Primeiro, confundir CO₂ e CO₂ equivalente. O CO₂e contabiliza metano e óxido nitroso, multiplicados pelo seu potencial de aquecimento global ao longo de 100 anos. O metano da agricultura ou de fugas é 25-30 vezes pior por kg do que o CO₂; ignorá-lo subestima as pegadas agrícolas e de petróleo e gás. Segundo, tratar o resultado de qualquer calculadora individual como autoritário. Calculadoras diferentes produzem resultados 30-100 % diferentes para as mesmas entradas porque as suas bases de dados de fatores subjacentes diferem. A consistência interna de uma calculadora é mais útil do que o valor absoluto: use-a para comparar cenários, não para publicar um número. Terceiro, omitir a pegada indireta dos bens de consumo (eletrónicos, vestuário, embalagens de alimentos, eletrodomésticos). As emissões indiretas médias europeias adicionam 1-2 t/ano para além das atividades diretas acima mencionadas. Quarto, contagem dupla ao somar emissões de eletricidade para um carro elétrico onde a distância de condução também é inserida com o fator de carro a combustão interna. Quinto, tratar um número baixo como um sucesso — mesmo uma pegada de 5 t é mais do dobro da meta de 2050, e mudanças coletivas significativas exigem alterações estruturais (redes, redes de transporte) para além da otimização individual.

Variações e contexto

Inventários oficiais nacionais usam uma contabilidade "baseada na produção" que atribui emissões a onde os bens são feitos, não a onde são consumidos.

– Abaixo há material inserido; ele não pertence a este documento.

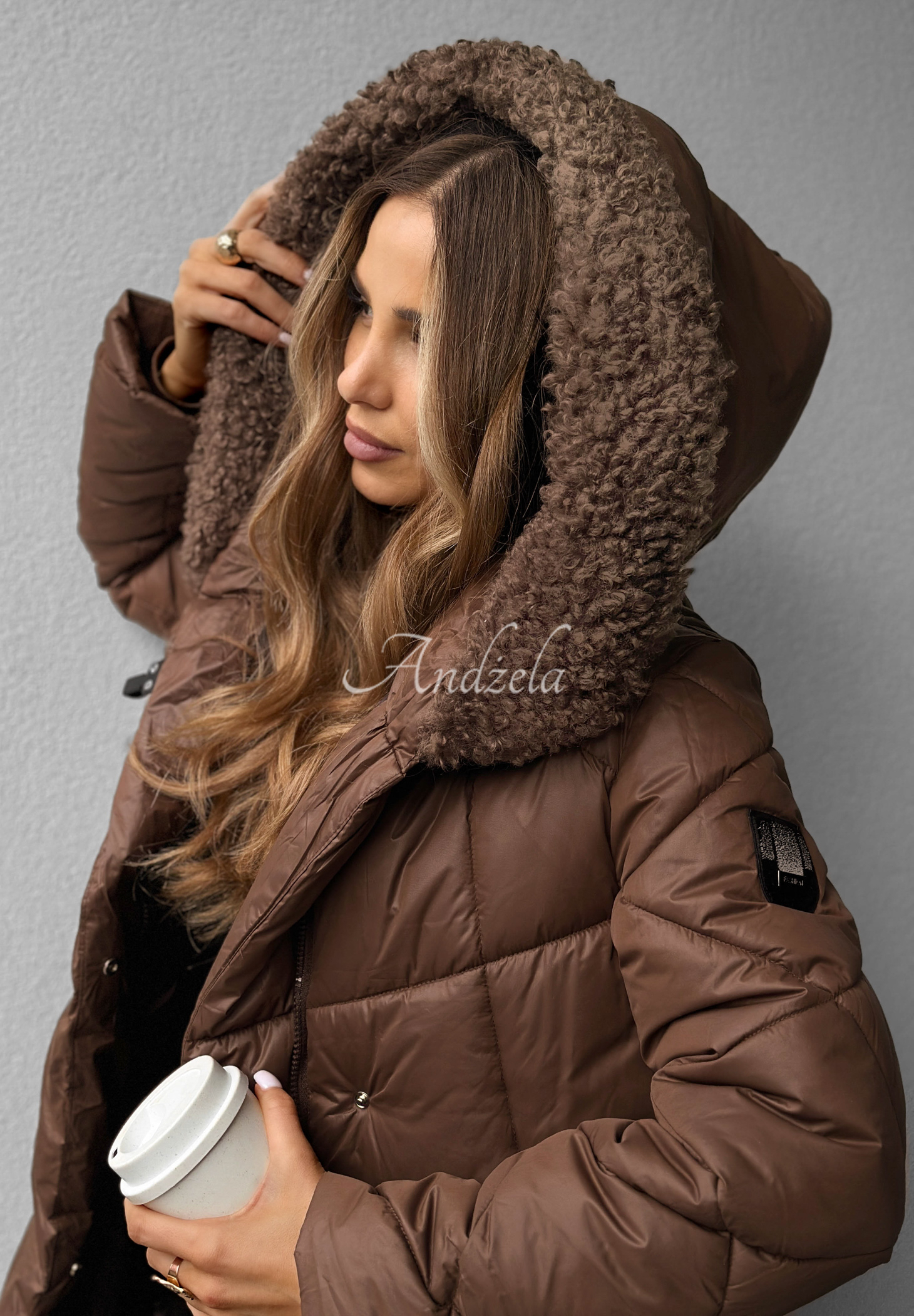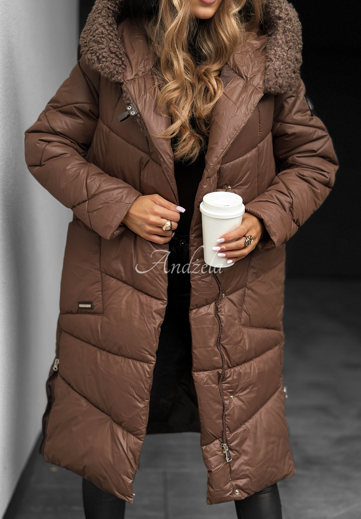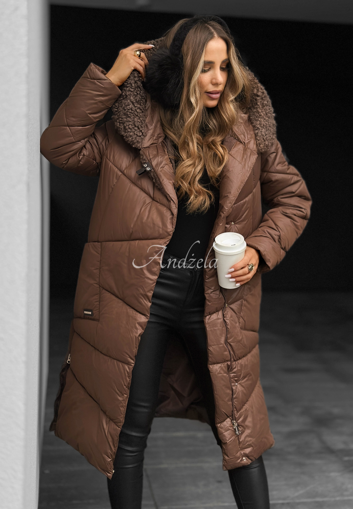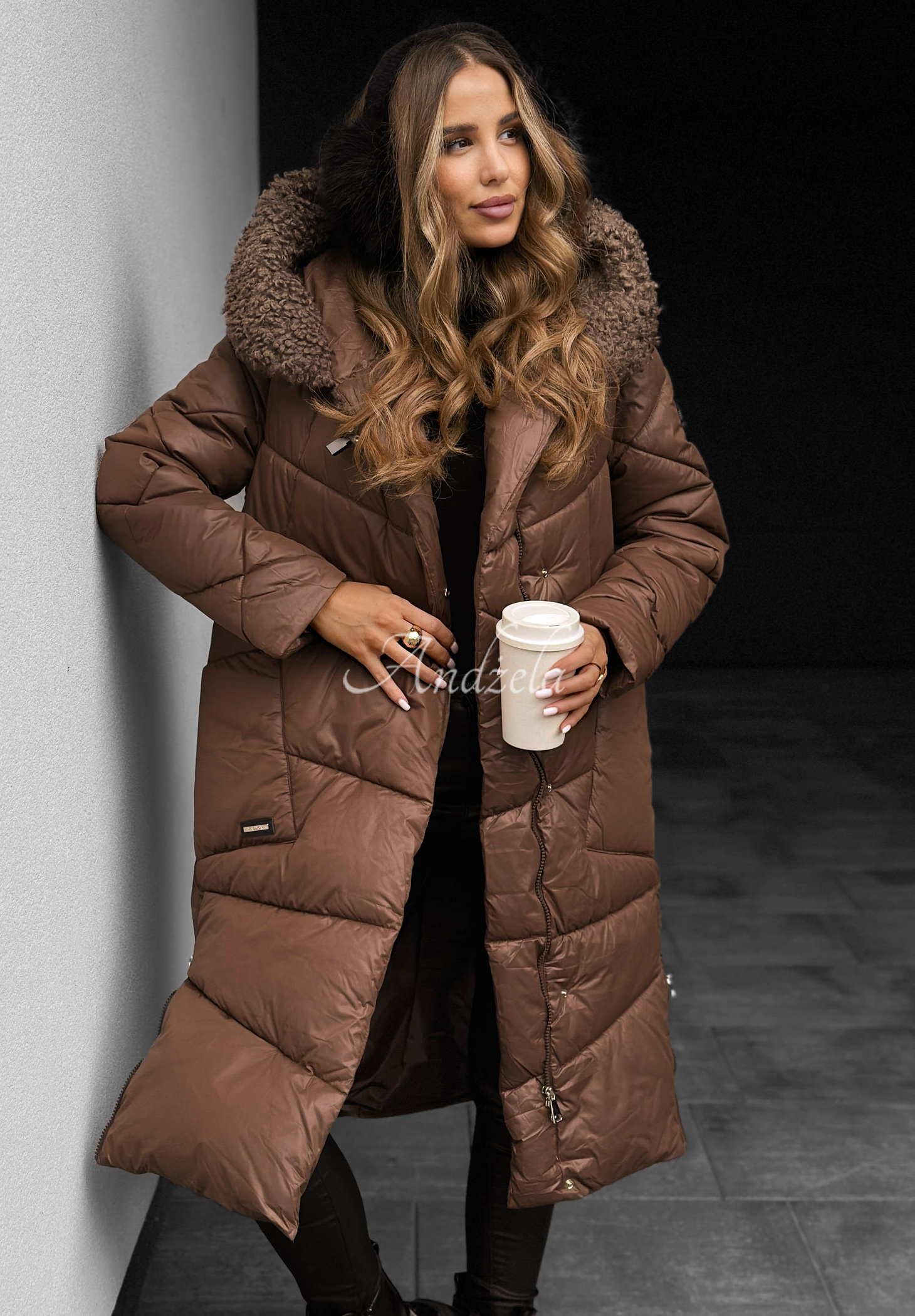 Prošívaná bunda s kožíškem October Leaves čokoládová

Uma pegada "baseada no consumo" adiciona as emissões incorporadas das importações e subtrai as das exportações — para o Reino Unido, isto muda o número per capita de cerca de 5 t para cerca de 8 t, principalmente porque a produção foi deslocalizada para a China. A abordagem do orçamento de carbono, promovida pelo IPCC, enquadra o problema como um stock finito: a humanidade pode emitir aproximadamente mais 250 Gt de CO₂ antes de cruzar 1,5 °C com 50 % de probabilidade, o que às taxas atuais são cerca de seis anos de emissões globais. Os orçamentos per capita são calculados dividindo o stock global restante pela população mundial e pelos anos até zero líquido. Vários países — o Reino Unido, França, Alemanha — estabeleceram metas legalmente vinculativas de zero líquido para 2050, o que implica uma redução a metade das pegadas per capita até 2030. A calculadora acima fornece um instantâneo; o exercício mais útil é modelar o impacto de uma alteração específica de estilo de vida (vender o carro, mudar o aquecimento, adotar uma dieta com pouca carne) e ver como isso muda a barra.